Start of Source data

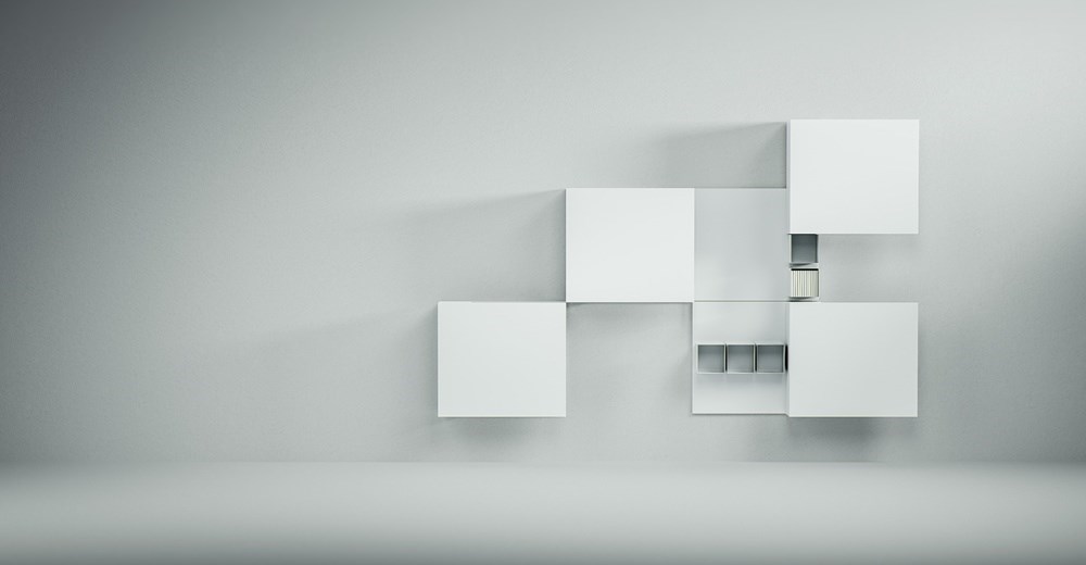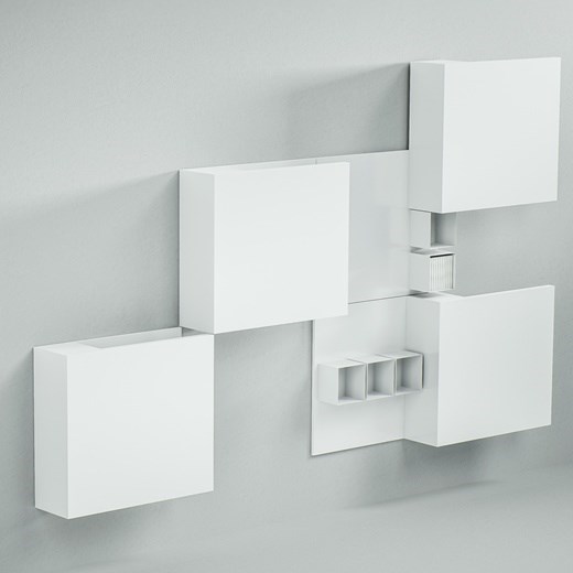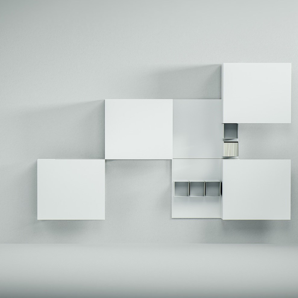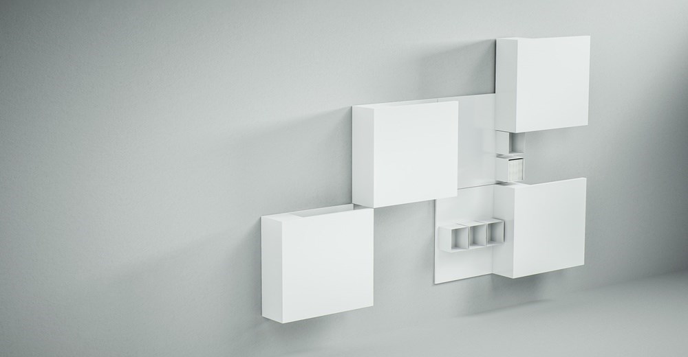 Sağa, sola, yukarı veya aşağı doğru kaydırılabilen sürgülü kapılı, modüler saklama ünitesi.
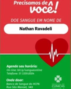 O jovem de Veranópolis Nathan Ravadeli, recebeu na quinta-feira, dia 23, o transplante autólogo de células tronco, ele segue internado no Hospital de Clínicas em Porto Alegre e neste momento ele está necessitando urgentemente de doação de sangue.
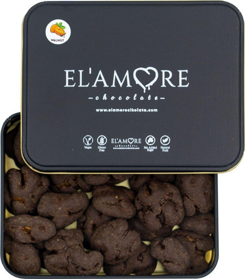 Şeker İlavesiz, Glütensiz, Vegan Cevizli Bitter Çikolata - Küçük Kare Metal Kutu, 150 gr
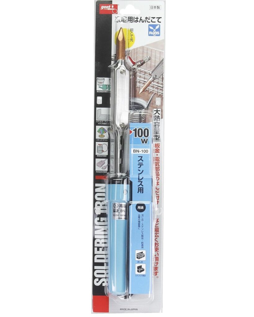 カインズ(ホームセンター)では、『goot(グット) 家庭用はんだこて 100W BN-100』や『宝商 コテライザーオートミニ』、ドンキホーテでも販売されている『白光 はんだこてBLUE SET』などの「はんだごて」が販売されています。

End of Source data

§ Work to be completed
What you return should match the material word for word, apart from the pictures.

§ Problem solution
 Sağa, sola, yukarı veya aşağı doğru kaydırılabilen sürgülü kapılı, modüler saklama ünitesi.
 O jovem de Veranópolis Nathan Ravadeli, recebeu na quinta-feira, dia 23, o transplante autólogo de células tronco, ele segue internado no Hospital de Clínicas em Porto Alegre e neste momento ele está necessitando urgentemente de doação de sangue.
 Şeker İlavesiz, Glütensiz, Vegan Cevizli Bitter Çikolata - Küçük Kare Metal Kutu, 150 gr
 カインズ(ホームセンター)では、『goot(グット) 家庭用はんだこて 100W BN-100』や『宝商 コテライザーオートミニ』、ドンキホーテでも販売されている『白光 はんだこてBLUE SET』などの「はんだごて」が販売されています。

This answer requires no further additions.